RECORD EXCERPTS =
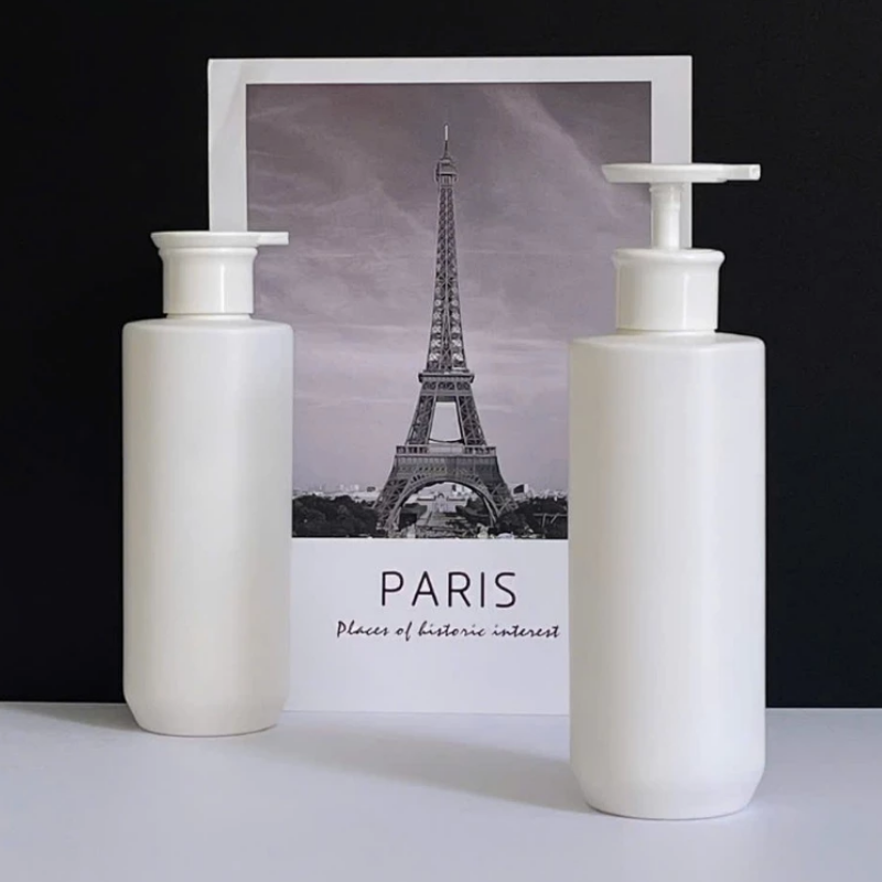 White HDPE Pump Plastic Bottles Horizontal Handle Base 500ml Face Cream Shampoo Custom Color Cosmetic Packaging Pavico Vietnam
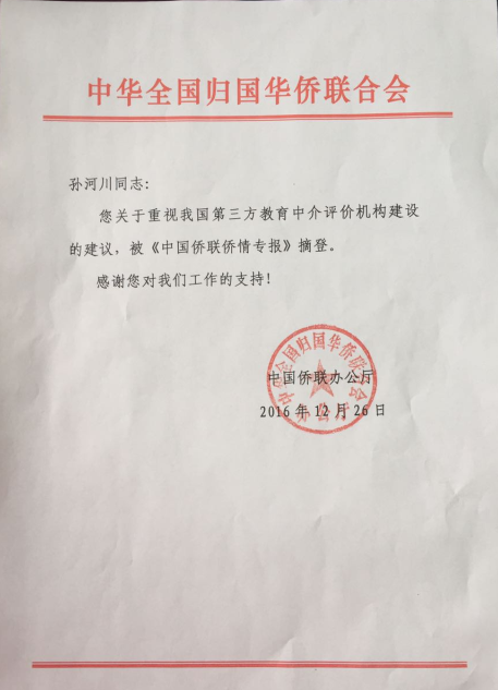 近日,省侨联委员、必赢官网侨联副主席、荷兰归侨孙河川教授的“关于重视我国第三方教育中介评价机构建设的建议”被《中国侨联侨情专报》摘登,中国侨联特发专函致谢。
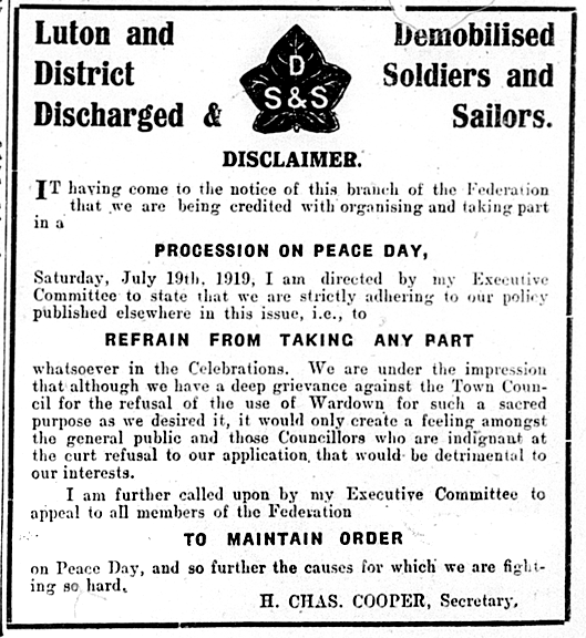 Yours faithfully, H. C. Cooper, on behalf of Luton and District Discharged Sailors and Soldiers Association.
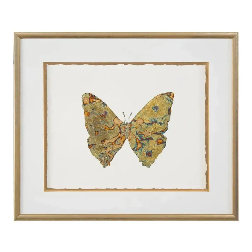 Beautiful Wings by Joy Colangelo is her colorful version of butterflies. These pieces are accented with gold and silver leaf and printed on linen fabric. Framed in a gold hammered frame.
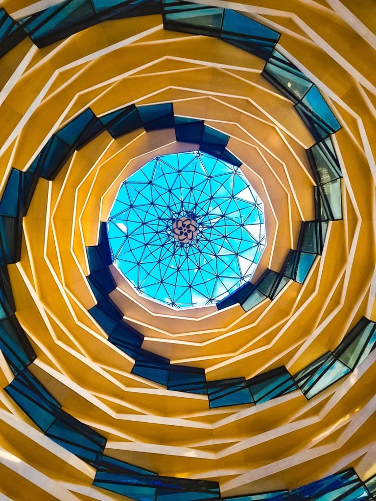 The building looks modern and remarkable from both the outside and inside. The walls of the main prayer hall are composed of glass archways with intricate lattice work. This design allows natural light to illuminate the building even on cloudy days. Sunrays penetrate the structure through the apex of the dome, which is itself a work of art and looks simply fantastic.
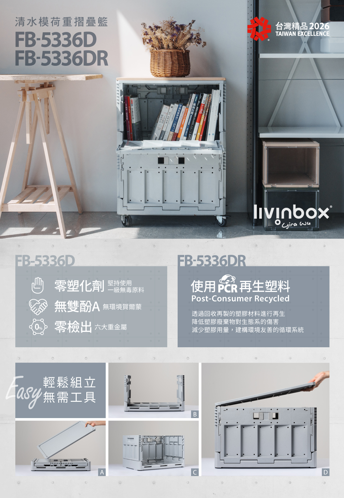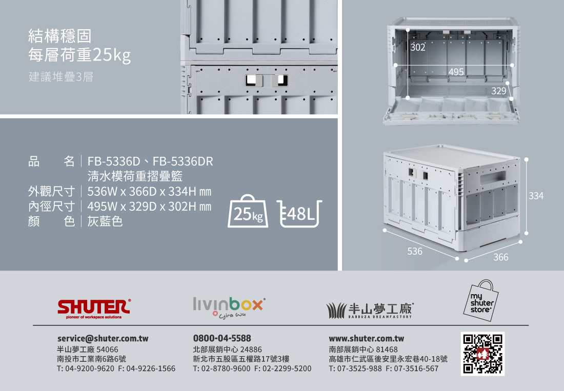 FB 清水模摺疊收納箱FB-5336DR
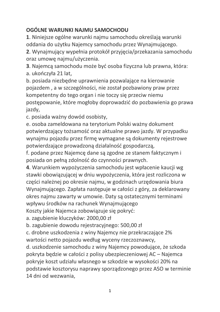 OGÓLNE WARUNKI NAJMU SAMOCHODU 1. Niniejsze ogólne warunki najmu samochodu określają warunki oddania do użytku Najemcy samochodu przez Wynajmującego. 2. Wynajmujący wypełnia protokół przyjęcia/przekazania samochodu oraz umowę najmu/użyczenia. 3. Najemcą samochodu może byd osoba fizyczna lub prawna, która: a. ukooczyła 21 lat, b. posiada niezbędne uprawnienia pozwalające na kierowanie pojazdem , a w szczególności, nie został pozbawiony praw przez kompetentny do tego organ i nie toczy się przeciw niemu postępowanie, które mogłoby doprowadzid do pozbawienia go prawa jazdy, c. posiada ważny dowód osobisty, e. osoba zameldowana na terytorium Polski ważny dokument potwierdzający tożsamośd oraz aktualne prawo jazdy. W przypadku wynajmu pojazdu przez firmę wymagane są dokumenty rejestrowe potwierdzające prowadzoną działalnośd gospodarczą, f. podane przez Najemcę dane są zgodne ze stanem faktycznym i posiada on pełną zdolnośd do czynności prawnych. 4. Warunkiem wypożyczenia samochodu jest wpłacenie kaucji wg stawki obowiązującej w dniu wypożyczenia, która jest rozliczona w części należnej po okresie najmu, w godzinach urzędowania biura Wynajmującego. Zapłata następuje w całości z góry, za deklarowany okres najmu zawarty w umowie. Daty są ostatecznymi terminami wpływu środków na rachunek Wynajmującego Koszty jakie Najemca zobowiązuje się pokryd: a. zagubienie kluczyków: 2000,00 zł b. zagubienie dowodu rejestracyjnego: 500,00 zł c. drobne uszkodzenia z winy Najemcy nie przekraczające 2% wartości netto pojazdu według wyceny rzeczoznawcy, d. uszkodzenie samochodu z winy Najemcy powodujące, że szkoda pokryta będzie w całości z polisy ubezpieczeniowej AC – Najemca pokryje koszt udziału własnego w szkodzie w wysokości 20% na podstawie kosztorysu naprawy sporządzonego przez ASO w terminie 14 dni od wezwania, 1 e. jeśli samochód zostanie z niepełnym zbiornikiem paliwa to Wynajmujący obciąży Najemcę kosztami za brakujące paliwo zwiększonymi o połowę kwoty za brakujące paliwo jako opłata manipulacyjna. f. Najemcy zostanie doliczona opłata manipulacyjna za każde wezwanie, monit, upomnienie, wykroczenie drogowe, mandat, nie opłacenie postoju w płatnej strefie parkowania itp. dotyczące okresu w jakim Najemca wynajmował pojazd, g. za utratę gwarancji przez pojazd w wyniku okoliczności leżących po stronie Najemcy 2500,00 zł, h. kary umowne mogą byd fakturowane jako opłat manipulacyjnych z doliczonym podatkiem VAT. i. ustanawia się bezwzględny zakaz palenia tytoniu w wynajmowanym pojeździe pod rygorem kary umownej w wysokości 200,00 zł. 5. Najemca lub Użytkownik poniesie wszelkie koszty powstałe w wyniku użytkowania pojazdu nie objęte odpowiedzialnością z tytułu polis ubezpieczeniowych. 6. Najkrótszy okres najmu pojazdu to 24 godziny. 7. Paliwo nie jest wliczone w cenę najmu. 8. Wynajmowany pojazd nie może byd prowadzony przez osobę nie wymienioną w umowie, zabrania się holowania innych pojazdów, przeciążenia, udziału we wszelkiego rodzaju rajdach lub wyścigach samochodowych itp. 9. Wynajęty pojazd nie może opuszczad granic kraju. 10. Najemca nie może przewozid dóbr i towarów niezgodnych z przepisami Urzędu Celnego. 11. Najemca odpowiada materialnie wobec Wynajmującego za braki paliwa, części i wyposażenie pojazdu oraz wynikłe z jego winy straty oraz z faktu niewłaściwego zabezpieczenia. 12. W przypadku uszkodzenia pojazdu przez Najemcę spowodowanego jazdą pod wpływem alkoholu lub innych środków odurzających (halucynogennych)jak również jakiegokolwiek innego zdarzenia powodującego odmowę pokrycia kosztów naprawy lub usunięcia szkody przez ubezpieczyciela w ramach polisy ubezpieczeniowej Najemca zobowiązuje się uiścid w terminie 14 dni 2 od dnia doręczenia wezwania. 13. W dniu zwrotu pojazdu Najemca bądź Użytkownik zobowiązany jest uiścid ewentualne inne należności, wynikające z postanowieo umowy. 14. W przypadku zwrotu pojazdu przed terminem wygaśnięcia umowy najmu, wypożyczalnia nie zwraca różnicy wynikającej z faktycznego okresu użytkowania. 15. Najemca wypożycza pojazd sprawny, czysty i zobowiązany jest do jego zwrotu w takim samym stanie. Jeżeli pojazd w momencie zwrotu jest brudny naliczona i pobrana zostaje uznaniowa stawka za mycie samochodu w wysokości 50zł. 16. W przypadku przekroczenia prędkości zarejestrowanej fotoradarem lub innym urządzeniem do pomiaru prędkości Wynajmujący przekaże dane adresowe Najemcy odpowiednim organom na co Najemca wyraża zgodę. Ponadto Wynajmujący nie odpowiada za naruszenie przez kierującego pojazdem przepisów o ruchu drogowym, płatnym postoju itp. jak również o nałożeniu w tym zakresie kary pieniężnej. 17. Najemca jest zobowiązany oddad pojazd w dniu i godzinie określonej w umowie, po uprzednim telefonicznym potwierdzeniu i uzgodnieniu miejsca zwrotu pojazdu minimum na godzinę przed upływem terminu w stanie czystym, zatankowanym i nie pogorszonym wraz z dokumentami i wyposażeniem z nim wydanym. 18. Samodzielne przedłużenie o ponad 24 godziny powoduje powiadomienie Policji o fakcie przywłaszczenia samochodu a wszelkie konsekwencje i koszty z tym związane ponosi Najemca. 19. Przedłużenie wypożyczenia samochodu bez wcześniejszego uzgodnienia z Wynajmującym od godziny ponad termin wyznaczony w umowie skutkował będzie naliczeniem kary umownej w wysokości podwójnej stawki odpłatności za dobę wykraczającą poza okres wynajmu określony w umowie. 3 20. W przypadku gdy zwrócony pojazd będzie uszkodzony lub nadmiernie zużyty ponadnormatywne zużycie wynikające z prawidłowej eksploatacji, Najemca zapłaci Wynajmującemu odszkodowanie będące równowartością poniesionej przez Wynajmującego udokumentowanej szkody. 21. Wynajmujący nie ponosi odpowiedzialności za szkody poniesione przez Najemcę w wyniku awarii samochodu. 22. W czasie użytkowania pojazdu Naj

WHAT THE EXERCISE ASKS = Copy needed, without pictures: the lines of the listing above from the line containing "近日,省侨联委员、必赢官网侨" up to and including the line containing "Beautiful Wings by", set down exactly.

SOLUTION TO THE EXERCISE =
 近日,省侨联委员、必赢官网侨联副主席、荷兰归侨孙河川教授的“关于重视我国第三方教育中介评价机构建设的建议”被《中国侨联侨情专报》摘登,中国侨联特发专函致谢。
 Yours faithfully, H. C. Cooper, on behalf of Luton and District Discharged Sailors and Soldiers Association.
 Beautiful Wings by Joy Colangelo is her colorful version of butterflies. These pieces are accented with gold and silver leaf and printed on linen fabric. Framed in a gold hammered frame.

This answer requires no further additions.